Extracted information section start

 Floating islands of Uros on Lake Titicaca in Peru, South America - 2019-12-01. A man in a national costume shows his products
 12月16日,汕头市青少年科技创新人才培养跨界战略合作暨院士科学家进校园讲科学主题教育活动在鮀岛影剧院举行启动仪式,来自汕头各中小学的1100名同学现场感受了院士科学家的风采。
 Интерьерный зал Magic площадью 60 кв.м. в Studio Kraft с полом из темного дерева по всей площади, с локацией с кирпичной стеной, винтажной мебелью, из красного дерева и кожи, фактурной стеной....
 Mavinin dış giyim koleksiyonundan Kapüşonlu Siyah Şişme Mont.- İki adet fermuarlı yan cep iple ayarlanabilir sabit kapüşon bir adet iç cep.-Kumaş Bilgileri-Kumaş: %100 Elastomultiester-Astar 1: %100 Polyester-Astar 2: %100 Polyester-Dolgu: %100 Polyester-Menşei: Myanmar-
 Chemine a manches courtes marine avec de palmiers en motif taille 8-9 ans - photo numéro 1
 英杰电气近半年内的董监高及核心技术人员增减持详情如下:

Extracted information section end
Extracted information section start

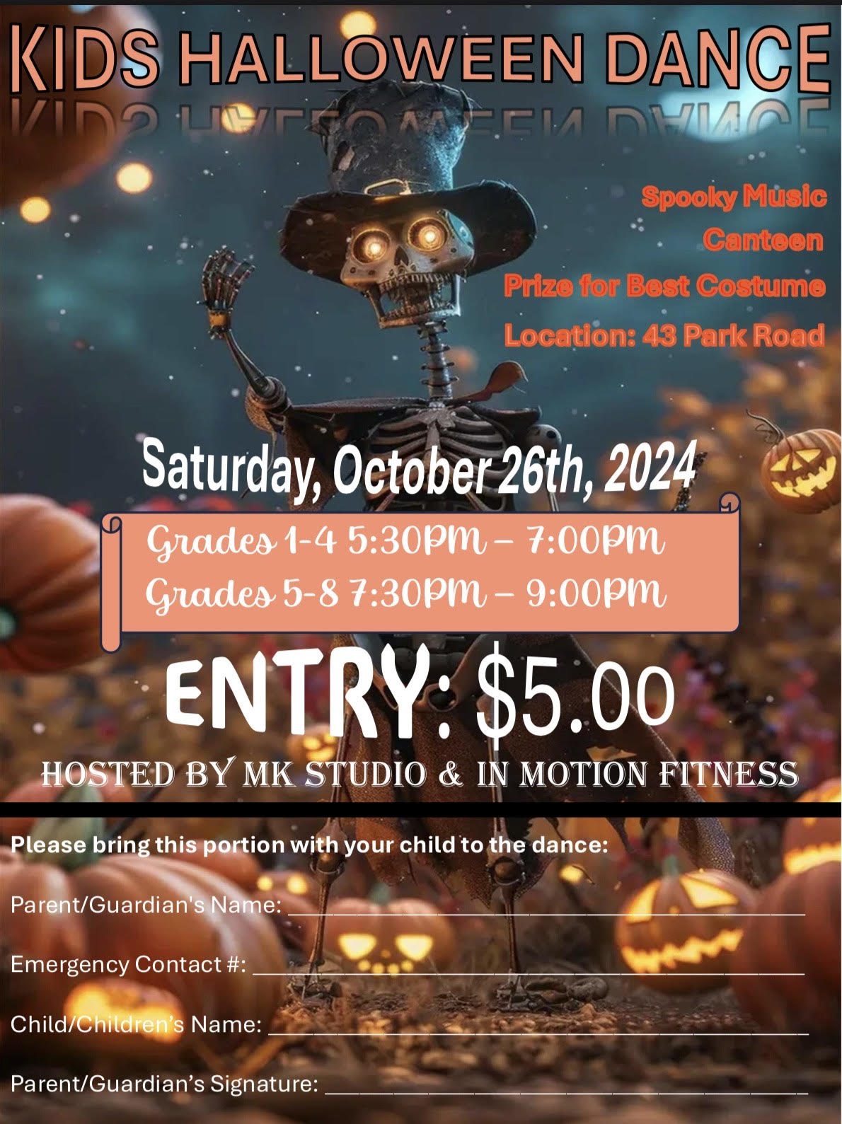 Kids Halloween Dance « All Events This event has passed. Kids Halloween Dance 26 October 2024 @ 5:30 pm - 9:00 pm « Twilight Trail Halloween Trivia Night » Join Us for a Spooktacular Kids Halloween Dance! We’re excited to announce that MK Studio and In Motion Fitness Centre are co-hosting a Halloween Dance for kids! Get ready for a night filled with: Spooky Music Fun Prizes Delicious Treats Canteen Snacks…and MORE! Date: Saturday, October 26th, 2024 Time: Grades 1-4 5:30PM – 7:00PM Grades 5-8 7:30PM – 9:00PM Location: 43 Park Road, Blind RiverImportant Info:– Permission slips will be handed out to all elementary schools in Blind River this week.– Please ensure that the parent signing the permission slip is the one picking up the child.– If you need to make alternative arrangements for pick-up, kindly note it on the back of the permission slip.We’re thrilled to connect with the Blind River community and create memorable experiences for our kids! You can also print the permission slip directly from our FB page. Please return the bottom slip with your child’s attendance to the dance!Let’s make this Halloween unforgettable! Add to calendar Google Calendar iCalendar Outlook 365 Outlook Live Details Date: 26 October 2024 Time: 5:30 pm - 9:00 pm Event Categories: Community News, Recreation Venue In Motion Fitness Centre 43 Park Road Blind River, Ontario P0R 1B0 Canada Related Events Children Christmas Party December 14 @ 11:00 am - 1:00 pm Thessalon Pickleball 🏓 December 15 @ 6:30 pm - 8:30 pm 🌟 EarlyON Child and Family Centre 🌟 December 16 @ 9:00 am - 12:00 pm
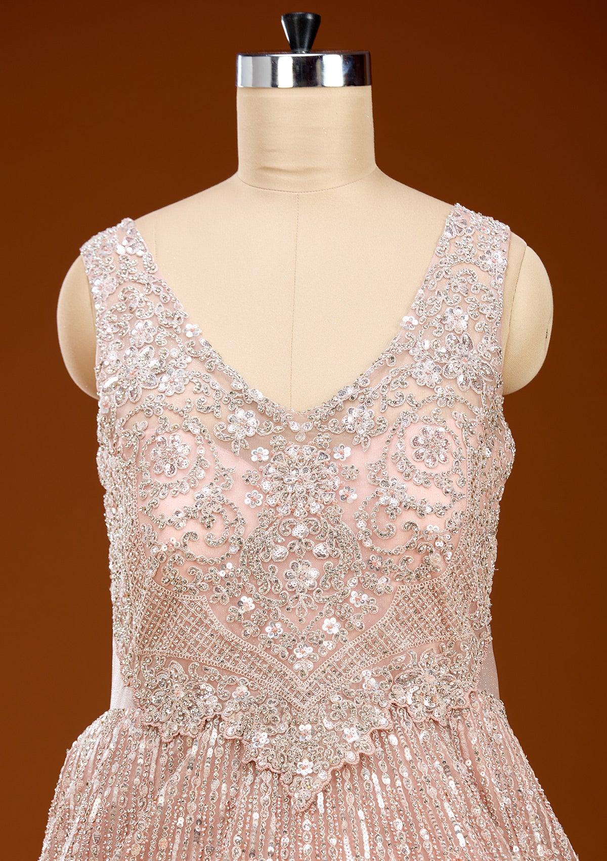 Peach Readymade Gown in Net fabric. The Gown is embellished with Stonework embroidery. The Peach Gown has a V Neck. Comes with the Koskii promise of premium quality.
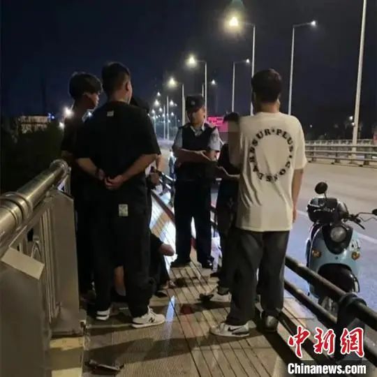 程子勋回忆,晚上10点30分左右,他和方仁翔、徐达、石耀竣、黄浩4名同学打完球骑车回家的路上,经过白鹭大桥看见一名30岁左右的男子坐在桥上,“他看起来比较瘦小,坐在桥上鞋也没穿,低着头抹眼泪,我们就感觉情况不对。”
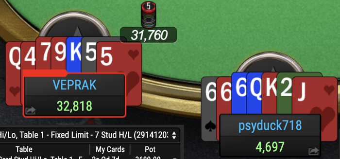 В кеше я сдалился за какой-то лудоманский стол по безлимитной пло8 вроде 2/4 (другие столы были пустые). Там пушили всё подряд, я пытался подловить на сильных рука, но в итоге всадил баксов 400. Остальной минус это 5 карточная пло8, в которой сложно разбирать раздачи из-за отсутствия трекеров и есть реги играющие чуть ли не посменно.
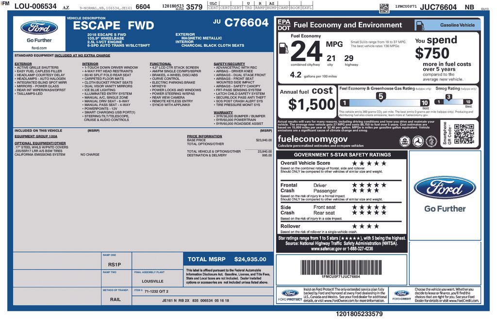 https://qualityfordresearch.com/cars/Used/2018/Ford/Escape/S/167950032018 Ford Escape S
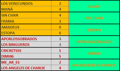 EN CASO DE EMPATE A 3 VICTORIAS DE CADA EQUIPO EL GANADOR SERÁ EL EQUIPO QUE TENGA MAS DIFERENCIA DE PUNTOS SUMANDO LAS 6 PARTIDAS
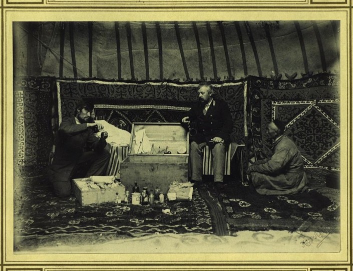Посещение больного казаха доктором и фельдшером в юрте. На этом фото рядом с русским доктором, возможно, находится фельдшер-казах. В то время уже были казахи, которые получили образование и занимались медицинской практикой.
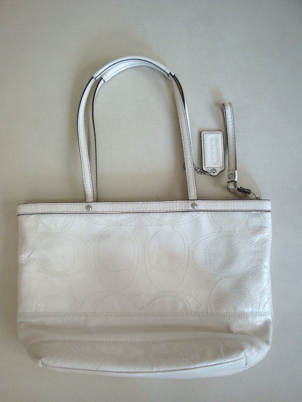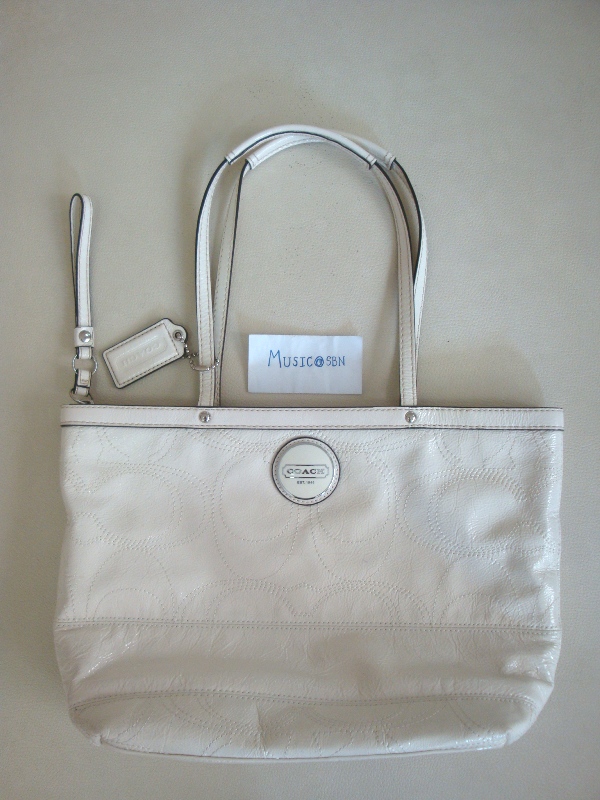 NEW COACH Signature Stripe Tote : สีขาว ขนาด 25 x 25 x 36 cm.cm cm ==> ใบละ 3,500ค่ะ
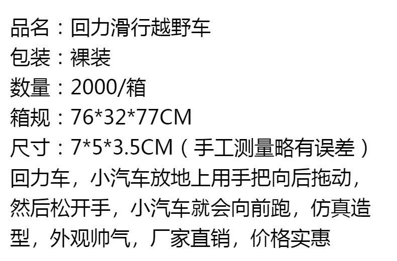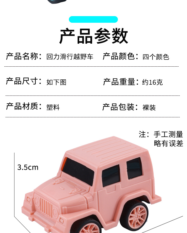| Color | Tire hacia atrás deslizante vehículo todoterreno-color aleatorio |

Extracted information section end

Transcribe the records above from the line holding "Floating islands of" down to the line holding "Интерьерный зал Magic", inclusive, without adding anything.

 Floating islands of Uros on Lake Titicaca in Peru, South America - 2019-12-01. A man in a national costume shows his products
 12月16日,汕头市青少年科技创新人才培养跨界战略合作暨院士科学家进校园讲科学主题教育活动在鮀岛影剧院举行启动仪式,来自汕头各中小学的1100名同学现场感受了院士科学家的风采。
 Интерьерный зал Magic площадью 60 кв.м. в Studio Kraft с полом из темного дерева по всей площади, с локацией с кирпичной стеной, винтажной мебелью, из красного дерева и кожи, фактурной стеной....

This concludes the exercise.